Newspapers issue strong warning on climate
Getting ready for the Copenhagen climate talks
By Janet Raloff
HAMBURG, GERMANY I’m staying with distant kin, for a few days, and woke up this morning to find my host had placed a newspaper editorial on the breakfast table. It’s from a Bavarian newspaper, the Süddeutsche Zeitung. The same let’s-get-tough-on-climate editorial ran in 55 other newspapers in 45 nations. Among English-language papers, the Miami Herald was apparently the sole U.S. outlet.
“Newspapers have never done anything like this before but they have never had to cover a story like this before,” said Alan Rusbridger, editor-in-chief of the Guardian, a British newspaper, in an explanatory piece. “No individual newspaper editorial could hope to influence the outcome of Copenhagen but I hope the combined voice of 56 major papers speaking in 20 languages will remind the politicians and negotiators gathering there what is at stake – and persuade them to rise above the rivalries and inflexibility that have stood in the way of a deal.”
While some editorial voices in the States have raised support for domestic engagement in global-climate protection, the current page-one commentary is longer and stronger than any I’ve seen to date in U.S. papers. It argues what has previously been reported on forests’ worth of newsprint in recent years: that Earth is warming, that human activities have played a substantial role, and that “so far the world’s response has been feeble and half-hearted.” It acknowledges on this, the opening day of the UN Climate Change Conference, that few attendees expect a treaty will culminate from the upcoming fortnight of discussion, debates and compromise. But it argues that substantial progress toward engineering the bare bones of such a treaty is within the negotiators’ reach. And that they must grasp what’s within reach.

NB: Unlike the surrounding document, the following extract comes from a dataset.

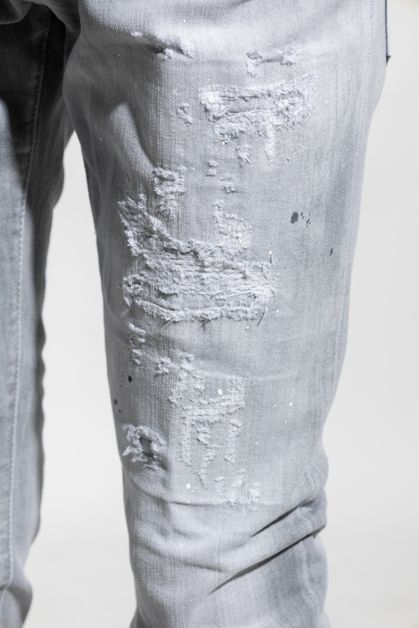 Grey ‘Skater’ jeans from Dsquared2. Crafted from cotton with a vintage effect, this pair falls with tapered legs and features button fastenings, classic five pockets, paint splatters and a black logo patch at the back.

Written by the Guardian staff, it has strong words for the U.S. bottleneck on global action – one that began with a failure to enact strong domestic climate-protection legislation and a refusal to adopt the Kyoto Protocol. And it says what most Westerners don’t want to hear. That insuring – if not ensuring – the health of the environment and its stewards (i.e. humanity) will take money, creativity and concerted action around the globe. It takes a no pain, no gain attitude. Sure, we will feel some pain in coming years, it says, but that’s to save the planet from long and dire agony in the next few centuries.
Frankly, I don’t understand. We buy insurance to save our families from the threat of catastrophic ruin. Why would we not buy insurance for our planet – our life-support system – in the name of pollution controls, energy conservation and reforestation? Many of these measures would actually save us money in the long run (if life-cycle accounting were conducted), helping subsidize other climate “insurance” policies. So, I would think such a strategy is a no brainer.
Procrastination is not a sound policy. Nor is adopting just any change. We need to be smart about how we spend our resources. But we in the North and especially in the West must accept the need to invest in insurance promptly. And to share some of our collective largesse with the have-nots. After all, much of our nations’ financial wealth has been accrued over the past century by exploiting more than our fair share of Earth’s resources and spewing more than our fair share of climate-altering pollution.
The argument should not be over whether we make changes, but instead about how to get the most climate protection for the buck. Resource thrift should become what Americans brag about, not our conspicuous consumption.